Question

Find the number of species from the following which has spin only magnetic moment value of 1.73 BM. Fe$^{2+}$, Cu$^{2+}$, Ni$^{2+}$, NO, NO$_2$, NO$_2^-$, Sc$^{3+}$, Ti$^{3+}$

Answer 1

4

Answer 2

To find the number of species with a spin-only magnetic moment of 1.73 BM, we first need to determine the number of unpaired electrons corresponding to this magnetic moment.

The spin-only magnetic moment ($\mu_s$) is given by the formula:

$\mu_s = \sqrt{n(n+2)}$ BM

where 'n' is the number of unpaired electrons.

Given $\mu_s = 1.73$ BM:

$1.73 = \sqrt{n(n+2)}$

Squaring both sides:

$(1.73)^2 \approx 3$

$3 = n(n+2)$

$n^2 + 2n - 3 = 0$

Factoring the quadratic equation:

$(n+3)(n-1) = 0$

Since the number of unpaired electrons (n) cannot be negative, we take the positive value:

$n = 1$

Therefore, we need to identify all species from the given list that have exactly one unpaired electron.
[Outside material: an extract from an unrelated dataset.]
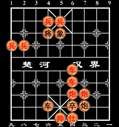 1. 炮四进五 象5进7 2. 后车平六 车4退2 3. 士四进五 炮7平5 4. 炮三退二 炮5退5(黑胜) 还没见过你这么一厢情愿的,会不会解残局?第三回合,红方支士,黑方为什么要炮7平5?仍旧回车,车4进2,形势同刚开始时一样。红还白损一车,没见过你这么幼稚的。 作者:wanglh126 回复日期:2006-5-27 20:16:00 作者:枉少年 回复日期:2006-4-30 11:33:00 晕,没看清,红重跑的时候黑可以回炮打炮。fjrzxf 说得对。 ---------------------------------------------------------- 红重炮将军是绝杀,黑回炮打炮有何用? 天下第一丑男的是正解。 此外补充:红方弃双车后应上三路炮先将,再上四路炮,这样黑方飞河边象也无法阻挡。 真笑话啊,如果打得充当炮架的那个炮,自然解不了,可现在打得是三路炮啊,没了这炮就不存在将军了。另外,重炮将并不一定都是绝杀,有三种情况杀不了。一是将离炮控线,二是充当炮弹的炮被吃掉,三是两炮之间有空隙,对方可以卡子。
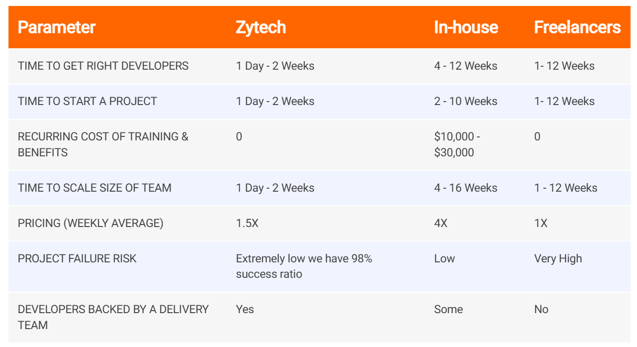 Comparative Analysis of Zytech's Developers, In-house, and Freelancers

Let's analyze each species:

1. Fe$^{2+}$:

   • Electronic configuration of Fe: $[Ar] 3d^6 4s^2$
   • Electronic configuration of Fe$^{2+}$: $[Ar] 3d^6$
   • In the $3d^6$ configuration, according to Hund's rule, the electrons are filled as: $\uparrow\downarrow \uparrow \uparrow \uparrow \uparrow$.
   • Number of unpaired electrons (n) = 4. (Does not match)

2. Cu$^{2+}$:

   • Electronic configuration of Cu: $[Ar] 3d^{10} 4s^1$
   • Electronic configuration of Cu$^{2+}$: $[Ar] 3d^9$
   • In the $3d^9$ configuration: $\uparrow\downarrow \uparrow\downarrow \uparrow\downarrow \uparrow\downarrow \uparrow$.
   • Number of unpaired electrons (n) = 1. (Matches)

3. Ni$^{2+}$:

   • Electronic configuration of Ni: $[Ar] 3d^8 4s^2$
   • Electronic configuration of Ni$^{2+}$: $[Ar] 3d^8$
   • In the $3d^8$ configuration: $\uparrow\downarrow \uparrow\downarrow \uparrow\downarrow \uparrow \uparrow$.
   • Number of unpaired electrons (n) = 2. (Does not match)

4. NO:

   • Nitric oxide (NO) has a total of 15 electrons (7 from N + 8 from O).
   • Its molecular orbital configuration is: $(\sigma_{1s})^2 (\sigma_{1s}^*)^2 (\sigma_{2s})^2 (\sigma_{2s}^*)^2 (\sigma_{2p_z})^2 (\pi_{2p_x})^2 (\pi_{2p_y})^2 (\pi_{2p_x}^*)^1$.
   • It has one unpaired electron in the $\pi^*$ antibonding molecular orbital.
   • Number of unpaired electrons (n) = 1. (Matches)

5. NO$_2$:

   • Nitrogen dioxide (NO$_2$) has a total of 17 valence electrons (5 from N + 2*6 from O).
   • It is an odd-electron molecule, which means it must have at least one unpaired electron. Its Lewis structure shows one unpaired electron on the nitrogen atom.
   • Number of unpaired electrons (n) = 1. (Matches)

6. NO$_2^-$:

   • Nitrite ion (NO$_2^-$) has a total of 18 valence electrons (5 from N + 2*6 from O + 1 for the charge).
   • Since it has an even number of electrons, all electrons are paired in its ground state.
   • Number of unpaired electrons (n) = 0. (Does not match)

7. Sc$^{3+}$:

   • Electronic configuration of Sc: $[Ar] 3d^1 4s^2$
   • Electronic configuration of Sc$^{3+}$: $[Ar]$
   • It has no d electrons and no unpaired electrons.
   • Number of unpaired electrons (n) = 0. (Does not match)

8. Ti$^{3+}$:

   • Electronic configuration of Ti: $[Ar] 3d^2 4s^2$
   • Electronic configuration of Ti$^{3+}$: $[Ar] 3d^1$
   • In the $3d^1$ configuration: $\uparrow$.
   • Number of unpaired electrons (n) = 1. (Matches)

The species that have exactly one unpaired electron are Cu$^{2+}$, NO, NO$_2$, and Ti$^{3+}$. There are 4 such species.